** DATA TO EXAMINE follows **
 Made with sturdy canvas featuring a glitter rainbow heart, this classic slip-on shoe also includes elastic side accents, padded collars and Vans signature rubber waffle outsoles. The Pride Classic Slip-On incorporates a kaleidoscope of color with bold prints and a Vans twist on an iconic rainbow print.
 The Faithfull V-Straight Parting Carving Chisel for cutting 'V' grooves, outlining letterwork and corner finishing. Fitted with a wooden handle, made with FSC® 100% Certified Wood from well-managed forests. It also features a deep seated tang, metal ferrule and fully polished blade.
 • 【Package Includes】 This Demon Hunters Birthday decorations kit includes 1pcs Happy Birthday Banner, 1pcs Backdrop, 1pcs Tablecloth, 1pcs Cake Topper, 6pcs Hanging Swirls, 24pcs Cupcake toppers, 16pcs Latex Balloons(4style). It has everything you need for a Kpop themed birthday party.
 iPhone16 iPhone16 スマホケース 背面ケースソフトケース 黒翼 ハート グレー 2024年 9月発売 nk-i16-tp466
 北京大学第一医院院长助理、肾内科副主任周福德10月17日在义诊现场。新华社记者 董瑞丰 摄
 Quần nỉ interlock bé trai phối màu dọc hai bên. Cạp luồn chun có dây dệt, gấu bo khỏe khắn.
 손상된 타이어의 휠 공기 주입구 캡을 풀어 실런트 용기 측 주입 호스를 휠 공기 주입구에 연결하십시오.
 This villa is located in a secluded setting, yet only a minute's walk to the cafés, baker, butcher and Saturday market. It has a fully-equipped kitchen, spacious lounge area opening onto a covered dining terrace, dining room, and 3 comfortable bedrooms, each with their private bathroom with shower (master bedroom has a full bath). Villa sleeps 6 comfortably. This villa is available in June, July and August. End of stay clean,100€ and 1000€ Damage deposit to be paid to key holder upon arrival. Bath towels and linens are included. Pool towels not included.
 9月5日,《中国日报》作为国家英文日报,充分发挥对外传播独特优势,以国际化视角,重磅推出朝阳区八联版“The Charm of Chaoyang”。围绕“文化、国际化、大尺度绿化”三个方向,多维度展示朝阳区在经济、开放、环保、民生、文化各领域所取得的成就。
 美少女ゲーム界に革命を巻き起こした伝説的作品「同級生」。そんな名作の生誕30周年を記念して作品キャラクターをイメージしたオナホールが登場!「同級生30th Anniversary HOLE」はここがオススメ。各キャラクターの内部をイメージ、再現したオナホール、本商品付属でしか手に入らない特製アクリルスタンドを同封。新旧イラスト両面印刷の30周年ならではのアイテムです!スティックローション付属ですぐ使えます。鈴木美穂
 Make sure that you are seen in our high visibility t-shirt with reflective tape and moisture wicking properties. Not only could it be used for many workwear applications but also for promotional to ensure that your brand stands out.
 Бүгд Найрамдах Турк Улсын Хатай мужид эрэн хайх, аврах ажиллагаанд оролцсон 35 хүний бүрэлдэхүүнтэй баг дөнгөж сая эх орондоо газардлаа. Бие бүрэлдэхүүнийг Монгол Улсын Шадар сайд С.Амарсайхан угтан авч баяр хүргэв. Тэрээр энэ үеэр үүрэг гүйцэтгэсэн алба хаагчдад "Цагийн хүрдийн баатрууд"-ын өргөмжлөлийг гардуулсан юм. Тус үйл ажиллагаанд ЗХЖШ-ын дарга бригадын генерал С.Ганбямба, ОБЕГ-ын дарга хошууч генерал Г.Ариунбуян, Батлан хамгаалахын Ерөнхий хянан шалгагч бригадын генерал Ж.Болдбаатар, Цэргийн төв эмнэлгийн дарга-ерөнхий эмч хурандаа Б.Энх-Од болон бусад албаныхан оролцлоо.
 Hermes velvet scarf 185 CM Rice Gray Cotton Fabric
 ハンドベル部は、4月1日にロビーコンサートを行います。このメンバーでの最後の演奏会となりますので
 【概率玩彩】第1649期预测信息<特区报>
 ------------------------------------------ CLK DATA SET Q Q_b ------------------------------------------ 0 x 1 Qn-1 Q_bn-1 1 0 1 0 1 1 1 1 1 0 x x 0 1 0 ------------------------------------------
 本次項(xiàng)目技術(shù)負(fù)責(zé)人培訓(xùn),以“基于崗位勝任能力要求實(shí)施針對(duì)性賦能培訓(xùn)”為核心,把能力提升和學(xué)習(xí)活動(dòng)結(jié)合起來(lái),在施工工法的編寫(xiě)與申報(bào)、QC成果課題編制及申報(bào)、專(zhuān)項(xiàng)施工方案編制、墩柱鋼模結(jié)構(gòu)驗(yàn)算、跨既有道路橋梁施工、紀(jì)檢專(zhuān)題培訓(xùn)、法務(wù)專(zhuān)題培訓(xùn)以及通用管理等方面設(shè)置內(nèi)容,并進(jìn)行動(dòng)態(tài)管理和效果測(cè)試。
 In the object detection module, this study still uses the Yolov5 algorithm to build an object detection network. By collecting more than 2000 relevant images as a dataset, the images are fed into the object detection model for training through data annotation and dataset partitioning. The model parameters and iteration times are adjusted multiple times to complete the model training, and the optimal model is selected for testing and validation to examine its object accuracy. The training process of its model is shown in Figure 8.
** End of DATA TO EXAMINE **
(EXERCISE INSTRUCTIONS):
Produce a word-for-word copy of everything above from the line holding "iPhone16 iPhone16 スマホケース" down to the line holding "손상된 타이어의 휠 공기", with both of those lines kept.

(WRITTEN ANSWER):
 iPhone16 iPhone16 スマホケース 背面ケースソフトケース 黒翼 ハート グレー 2024年 9月発売 nk-i16-tp466
 北京大学第一医院院长助理、肾内科副主任周福德10月17日在义诊现场。新华社记者 董瑞丰 摄
 Quần nỉ interlock bé trai phối màu dọc hai bên. Cạp luồn chun có dây dệt, gấu bo khỏe khắn.
 손상된 타이어의 휠 공기 주입구 캡을 풀어 실런트 용기 측 주입 호스를 휠 공기 주입구에 연결하십시오.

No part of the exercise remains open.